Speaking of hardware, there's another school of thought, touted by a few of your competitors, that customers don't necessarily want the hardware. I'm thinking of companies such as ParAccel or Kognitio, for example. They'll both sell you the hardware, to be sure, but they're also willing to sell you just their data warehousing software. I believe representatives from both companies have said that some customers, maybe a sizeable portion of customers, just want to deploy their data warehousing software on top of their existing assets. So my question for you is: what do you think of this? Have you thought about making Dataupia's special sauce available as a software-only configuration? That's not something we're interested in. I think if this [data warehouse appliance] is going to work, it has to pass what I call the TiVo test, and that says [that] you can go out and get the components of a computer and get a motherboard and something else and a disk drive and put it together and then figure out what [software] you need [to run on it] in order to do video recording. And you can make yourself a DVR if you want. And that's fun.
In today's world, wouldn't you much rather prefer to buy a TiVo, though? You put it there and you configure the channels. You personalize it. Personalizing is when you set it up for your particular shop, [for] things that are particular to your environment. Configuration is when you're tweaking the operating system, the file system, the middleware.
If you want to be in that situation, I'm not going to dissuade you. I think the more mature customers much prefer to have a single unit that they can have to plug in, [where] both the power and the networking are already there.
Some folks -- and I count Teradata among them -- have charged that the term "data warehousing appliance" is a misnomer, if only because most such appliances are actually deployed as application-specific data marts.

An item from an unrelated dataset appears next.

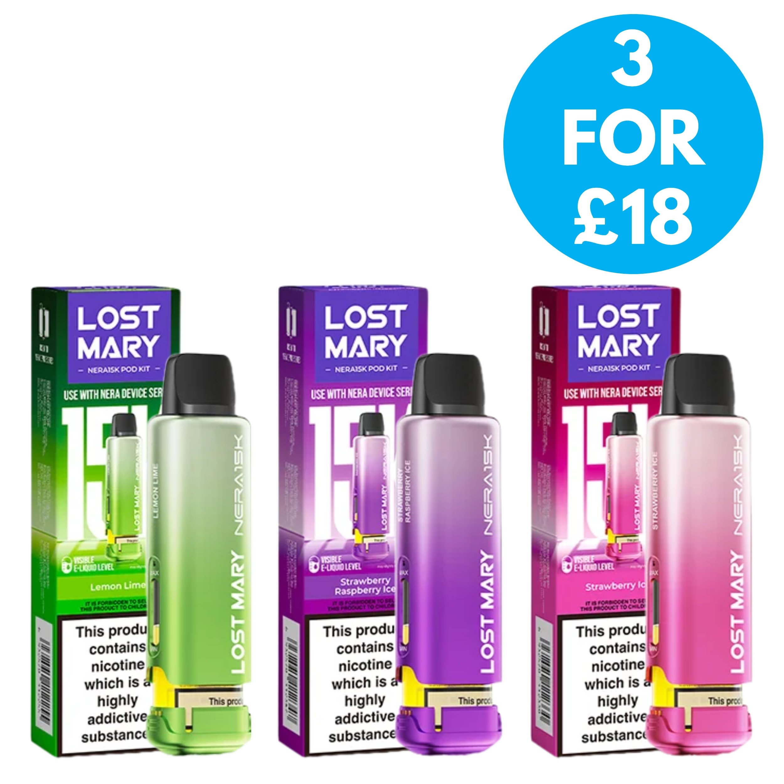 Each single pod provides up to 15,000 (15K) puffs, with 2 needed for the Nera kit. With each pack you’ll receive a 2ml prefilled pod and an additional 10ml refill container prefilled with Lost Marys famous Maryliq nic salt e-liquid in a 20mg strength.

Now you've been doing this for a long time, Foster, so do you know whether there's traditionally been some truth to that? Assuming that it was once true, is it changing at all? Are you seeing more of your appliances deployed as multi-application data warehouses?

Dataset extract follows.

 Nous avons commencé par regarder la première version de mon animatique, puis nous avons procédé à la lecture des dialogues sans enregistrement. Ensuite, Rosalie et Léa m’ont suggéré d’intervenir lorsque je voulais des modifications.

This is one of the things where I once was passionately into what the enterprise data warehouse was, what a data mart is, and so on. I think from a mechanical standpoint, technically we work great as a data warehouse, a data mart, what have you. I think the controlling factor after just being in the market long enough is that the reality is that if you take [a company like] American Express with 11 silos, each of those silos buys on their own. So to get all 11 together to buy one machine that encompasses the entire enterprise, that's a huge undertaking. If you were to do it, you've calcified the organization, because now you can't get innovation in any of those silos. The reality is that while it sounds good to have a single machine, in reality it doesn't provide the nimbleness that you need.
You'd agree that segmentation or siloing of data is a problem in and of itself, right? That it's something customers are trying to eliminate -- in many cases by building these [enterprise data warehouse] systems?
I do very much believe that you need a view so that the whole organization can see your data. That doesn't mean that you build a grandiose machine that takes you 10 years to implement and then when it finally gets implemented doesn't do what you envisioned 10 years ago.
With Dataupia, we can put a very serious data warehousing machine up and running in no time at all, whether it's an enterprise data warehouse, whether it's a mart, whether it's just a data warehouse -- it really becomes an academic discussion. I know it's great marketing, but if you talk to 10 people, you get 10 different definitions of what's a data warehouse or a data mart.